Conclusion: CA 125 was associated with functional status, echocardiography, hemodynamics and prognosis of pulmonary hypertension.

Introduction

Carbohydrate antigen 125 (CA 125), also known as mucin 16, is a glycoprotein synthesized by serosal cells in response to mechanical stress (congestion) or inflammatory stimuli (1–3). High serum CA 125 levels have been identified in malignancies such as ovarian, lung and gastrointestinal cancer (4). Currently, CA 125 is a widely used biomarker for the screening (5), monitoring (6) and risk stratification (7) of ovarian cancer. In addition, emerging evidence has linked serum CA 125 levels to non-malignant conditions such as cardiovascular disease (e.g., heart failure, pericardial diseases, and coronary artery disease) (8). More specifically, serum CA 125 levels were found to be associated with functional class (9), echocardiography (10), and hemodynamics (11) in heart failure. Furthermore, some studies have demonstrated the diagnostic and prognostic value of CA 125 in heart failure (12, 13). The capability of CA 125 to serve as a therapeutic target for heart failure has also been investigated, and the results were promising (14, 15).

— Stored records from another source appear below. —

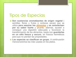 El documento habla sobre las especias más usadas en la cocina. Explica que las especias son sustancias aromáticas de origen vegetal que se usan para sazonar los alimentos. Luego clasifica las especias en grupos como salinos, ácidos y aromáticos, y menciona algunas de las más comunes dentro de cada grupo como la sal, el vinagre, el ajo y el romero. Finalmente, brinda detalles sobre el uso culinario de especias particulares como el orégano, la albahaca y el azafrán.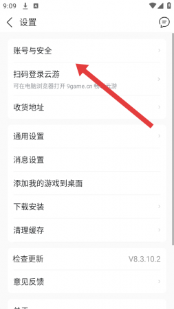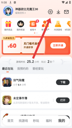 1、进入九游我的页面后,点击右上角齿轮形状的设置图标,进入设置的界面。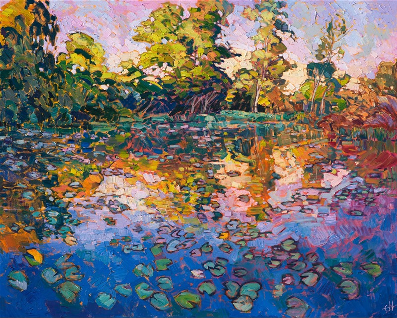 This painting was inspired by the water lily pond at the Norton Simon Museum, a wonderful impressionism museum in Pasadena, California. This painting captures the beautiful late afternoon light of California, reflected in a tree-sheltered pool of water. This painting is my tribute to the classic impressionist greats.
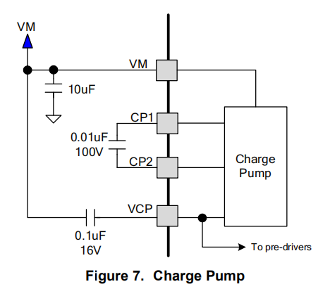 由于输出级使用N沟fet,因此需要一个比VM电源更高的栅极驱动电压来充分增强高侧fet。DRV8844集成了一个电荷泵电路,该电路可产生高于VM电源的电压。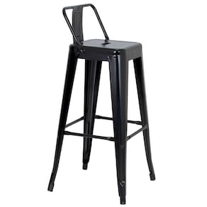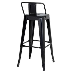 Banqueta alta Iron Tolix com encosto 76 cm acabamento texturizado Preto Preto -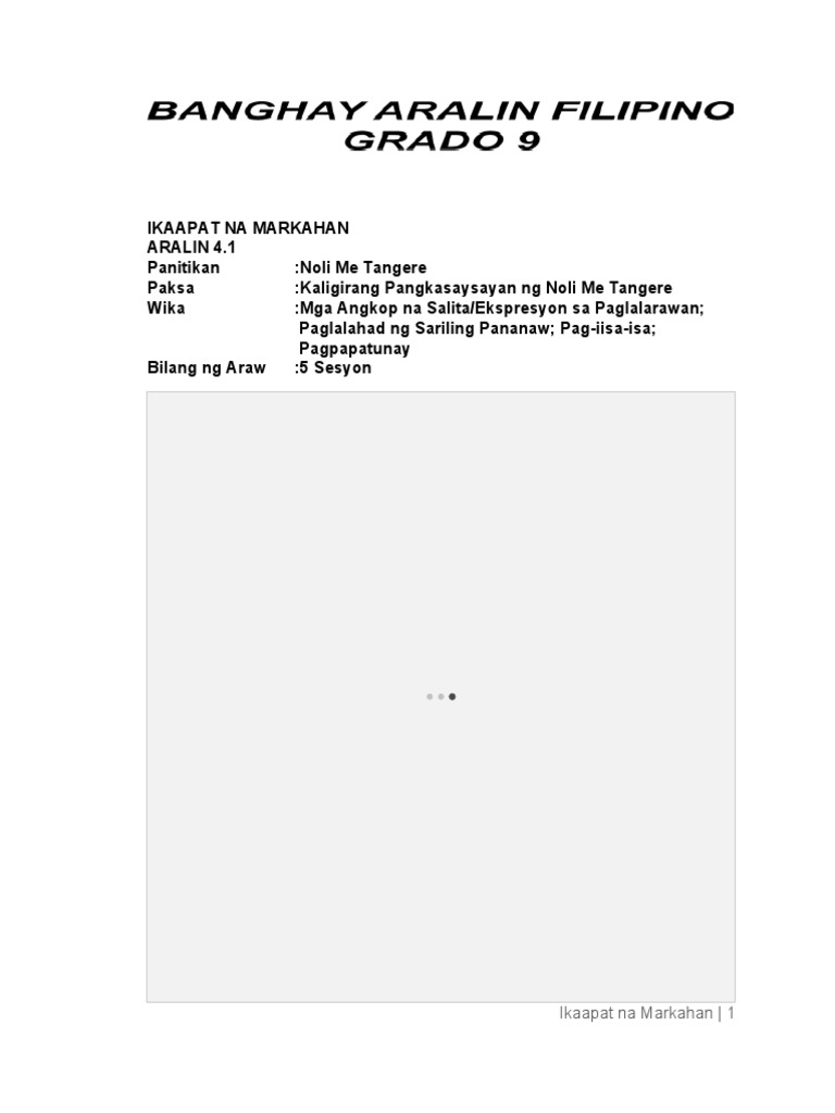 Fourth Grading El Fili Docx Banghay Aralin Sa Filipino Grado 10 Ikaapat Na Markahan Aralin 4 1 Panitikan A El Filibusterismo B Kaligirang Course Hero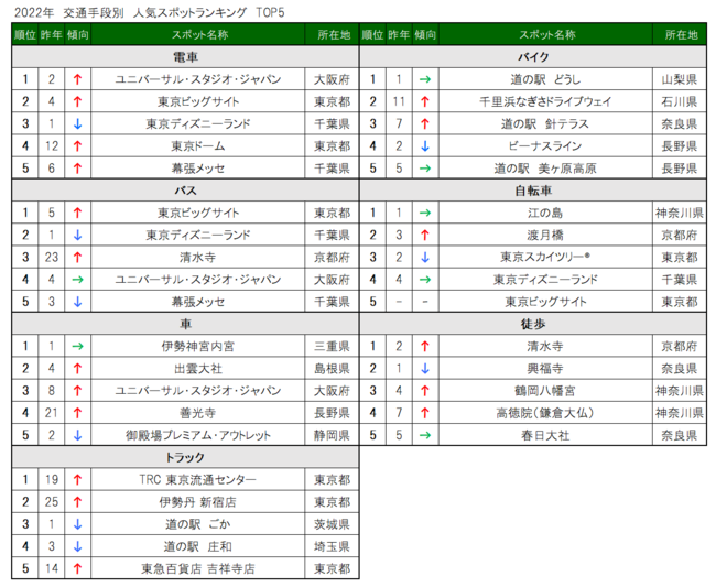 ・『交通手段別 人気スポットランキング』TOP30 (電車、バス、車、トラック、バイク、自転車、徒歩)
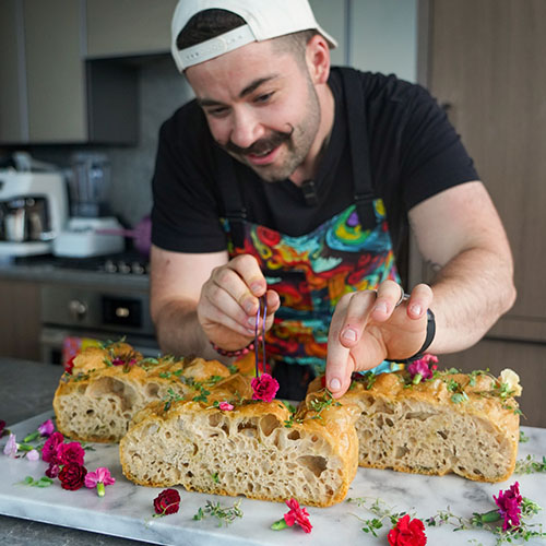 Chef Joe Sasto takes that tradition and brings it into a new era of creativity. His rosemary focaccia marries rustic technique with modern artistry, weaving in Red Fife whole wheat for depth, extra-virgin olive oil for richness, and Fresh Origins® Micro Thyme, Micro Oregano, Rosemary Tops, and Edible Flowers Carnation for a burst of color and fragrance. The result is a loaf that feels both familiar and unexpected, comfort elevated through thoughtful ingredients and chef-driven imagination.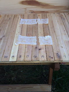 Miticide strips on top of bars where the brood nest is located (below these bars). |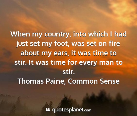When my country, into which I had just set my foot, was set on fire about my ears, it was time to stir. It was time for every man to stir.Thomas Paine, Common Sense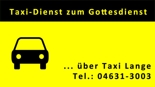 Seit geraumer Zeit bietet unsere Kirchengemeinde einen Taxi-Dienst zu unseren Gottesdiensten an. Sollten Sie es aus gesundheitlichen und auch finanziellen Gründen nicht mehr schaffen, an unseren Gottesdiensten in der Auferstehungskirche teilzunehmen, können Sie Taxi Lange unter der Rufnummer 04631-3003 benachrichtigen. Sie werden dann kostenfrei zur Kirche und anschließend wieder nach Hause gebracht. Die Kosten werden von Taxi Lange direkt mit unserer Kirchengemeinde abgerechnet. Es macht Sinn, sich auch mit anderen an unseren Gottesdiensten Interessierten abzusprechen.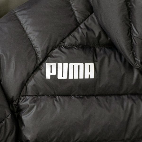Lightweight and comfortable to wear, it is extremely warm. It can be folded up and easily put in your bag. This jacket with a hood is excellent for protection from the cold and wind, and can be folded up and stored. The left chest features a double logo of PUMA and TOP SECRET. Name is used. Material: Nylon, polyester, down (feather) Remarks Color: Puma Black

As the release of CA 125 is irrelevant to the etiology of cardiac aggression, it should be considered a final organ damage marker (8). Thus, it may also play a role in pulmonary hypertension (PH). Unfortunately, there is still limited knowledge on this topic. Rahimi-Rad et al. reported that patients with PH had higher serum CA 125 levels than those without PH in chronic obstructive pulmonary disease (16). A similar phenomenon was also observed in congenital heart disease (17). Whether serum CA 125 levels are correlated with the severity and prognosis of PH remains unclear. In the present study, we aimed to investigate the correlations between CA125 and the functional status, echocardiography, hemodynamics, and prognosis of PH in a retrospective cohort.

Materials and Methods

Study Design and Participants

This observational retrospective cohort study was conducted at Fuwai Hospital, Chinese Academy of Medical Sciences (Beijing, China). We screened all patients with idiopathic pulmonary arterial hypertension (IPAH) and chronic thromboembolic pulmonary hypertension (CTEPH) who underwent right heart catheterization (RHC) from January 1, 2014, to December 31, 2018. Patients with CA 125 data and multiple clinical visit/hospitalization records were enrolled as long as they had a minimum of 1 year of follow-up data for outcomes. In addition, echocardiography-suspected PH patients with normal invasive pulmonary arterial pressure and CA 125 data were also recruited as the control group. The establishment of IPAH and CTEPH was based on the 2009 (before January 2016) or 2015 European Society of Cardiology/European Respiratory Society (ERS) guidelines (18, 19). Normal pulmonary arterial pressure was defined as the mean pulmonary arterial pressure (mPAP) <25 mm Hg (18, 19). By design, patients were excluded if they had (1) any malignancy, (2) inflammatory diseases, or (3) active infection. The following clinical data were collected via an electronic medical record system by two independent reviewers: demographics, etiology of PH, 6-minute walk distance (6MWD), N-terminal pro-brain natriuretic peptide (NT-proBNP) levels, smoking history, alcohol consumption, World Health Organization functional class (WHO-FC), PH-specific medication, history of balloon pulmonary angioplasty/pulmonary endarterectomy, comorbidities, parameters derived from echocardiography and RHC, serum CA 125 levels, and follow-up data. The study protocol was approved by the Ethics Committee of Fuwai Hospital. Written informed consent was obtained from each patient.

CA 125 Measurement

Fasting venous blood samples were collected for CA 125 measurement on the first day of admission. Serum levels of CA125 were measured using a chemiluminescent microparticle immunoassay (product name: Access OV Monitor; Cat. No. 386357; Beckman Coulter Inc., Brea, CA, USA). Please refer to the manufacturer's website for the detailed methodology of the Access OV Monitor (https://mms.mckesson.com/product/586335/Beckman-Coulter-386357). The upper limit of normal for CA 125 was 35 U/ml with the Access OV Monitor. Accordingly, the included patients were divided into either the CA 125 > 35 U/ml group or the CA 125 ≤ 35 U/ml group.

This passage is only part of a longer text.